Exercise description:
Please repeat the records below exactly, but only from the line that contains "Maintenance free living" onward, ending with the last line.

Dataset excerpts
────────────────────

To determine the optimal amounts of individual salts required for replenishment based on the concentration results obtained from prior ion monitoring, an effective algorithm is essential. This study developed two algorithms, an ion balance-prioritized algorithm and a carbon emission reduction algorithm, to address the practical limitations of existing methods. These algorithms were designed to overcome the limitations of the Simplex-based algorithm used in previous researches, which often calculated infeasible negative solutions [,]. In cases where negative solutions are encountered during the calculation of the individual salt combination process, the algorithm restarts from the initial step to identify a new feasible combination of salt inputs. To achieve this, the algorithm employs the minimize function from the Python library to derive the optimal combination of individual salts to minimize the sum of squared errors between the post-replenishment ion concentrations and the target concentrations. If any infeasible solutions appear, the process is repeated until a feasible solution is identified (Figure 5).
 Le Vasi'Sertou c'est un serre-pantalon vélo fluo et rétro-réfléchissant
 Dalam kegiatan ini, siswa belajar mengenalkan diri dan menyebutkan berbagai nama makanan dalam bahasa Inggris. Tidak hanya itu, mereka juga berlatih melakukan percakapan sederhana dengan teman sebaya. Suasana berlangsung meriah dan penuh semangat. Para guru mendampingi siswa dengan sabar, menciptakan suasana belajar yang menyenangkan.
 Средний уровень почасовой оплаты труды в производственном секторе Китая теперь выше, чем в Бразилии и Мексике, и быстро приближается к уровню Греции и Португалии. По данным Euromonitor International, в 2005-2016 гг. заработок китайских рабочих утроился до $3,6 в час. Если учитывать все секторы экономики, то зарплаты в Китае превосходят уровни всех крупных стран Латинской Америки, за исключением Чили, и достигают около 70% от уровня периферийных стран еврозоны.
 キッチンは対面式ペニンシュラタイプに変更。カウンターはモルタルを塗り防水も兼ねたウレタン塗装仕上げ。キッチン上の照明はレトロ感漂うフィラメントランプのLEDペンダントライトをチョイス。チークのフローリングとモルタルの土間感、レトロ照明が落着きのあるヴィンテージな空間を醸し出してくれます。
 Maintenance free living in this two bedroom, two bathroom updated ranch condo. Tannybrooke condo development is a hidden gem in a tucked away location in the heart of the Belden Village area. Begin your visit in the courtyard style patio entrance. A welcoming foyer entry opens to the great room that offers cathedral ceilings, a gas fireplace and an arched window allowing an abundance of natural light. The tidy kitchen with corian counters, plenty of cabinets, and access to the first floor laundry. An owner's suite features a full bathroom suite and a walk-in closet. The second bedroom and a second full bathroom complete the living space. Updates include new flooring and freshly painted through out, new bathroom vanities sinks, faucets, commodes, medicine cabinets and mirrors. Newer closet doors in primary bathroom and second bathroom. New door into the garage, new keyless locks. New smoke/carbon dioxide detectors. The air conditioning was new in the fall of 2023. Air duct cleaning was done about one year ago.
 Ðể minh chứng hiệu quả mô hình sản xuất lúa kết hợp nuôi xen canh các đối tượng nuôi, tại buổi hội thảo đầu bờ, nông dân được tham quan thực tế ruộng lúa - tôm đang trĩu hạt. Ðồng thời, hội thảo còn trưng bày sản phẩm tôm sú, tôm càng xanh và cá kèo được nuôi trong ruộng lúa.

────────────────────

Worked solution:
 Maintenance free living in this two bedroom, two bathroom updated ranch condo. Tannybrooke condo development is a hidden gem in a tucked away location in the heart of the Belden Village area. Begin your visit in the courtyard style patio entrance. A welcoming foyer entry opens to the great room that offers cathedral ceilings, a gas fireplace and an arched window allowing an abundance of natural light. The tidy kitchen with corian counters, plenty of cabinets, and access to the first floor laundry. An owner's suite features a full bathroom suite and a walk-in closet. The second bedroom and a second full bathroom complete the living space. Updates include new flooring and freshly painted through out, new bathroom vanities sinks, faucets, commodes, medicine cabinets and mirrors. Newer closet doors in primary bathroom and second bathroom. New door into the garage, new keyless locks. New smoke/carbon dioxide detectors. The air conditioning was new in the fall of 2023. Air duct cleaning was done about one year ago.
 Ðể minh chứng hiệu quả mô hình sản xuất lúa kết hợp nuôi xen canh các đối tượng nuôi, tại buổi hội thảo đầu bờ, nông dân được tham quan thực tế ruộng lúa - tôm đang trĩu hạt. Ðồng thời, hội thảo còn trưng bày sản phẩm tôm sú, tôm càng xanh và cá kèo được nuôi trong ruộng lúa.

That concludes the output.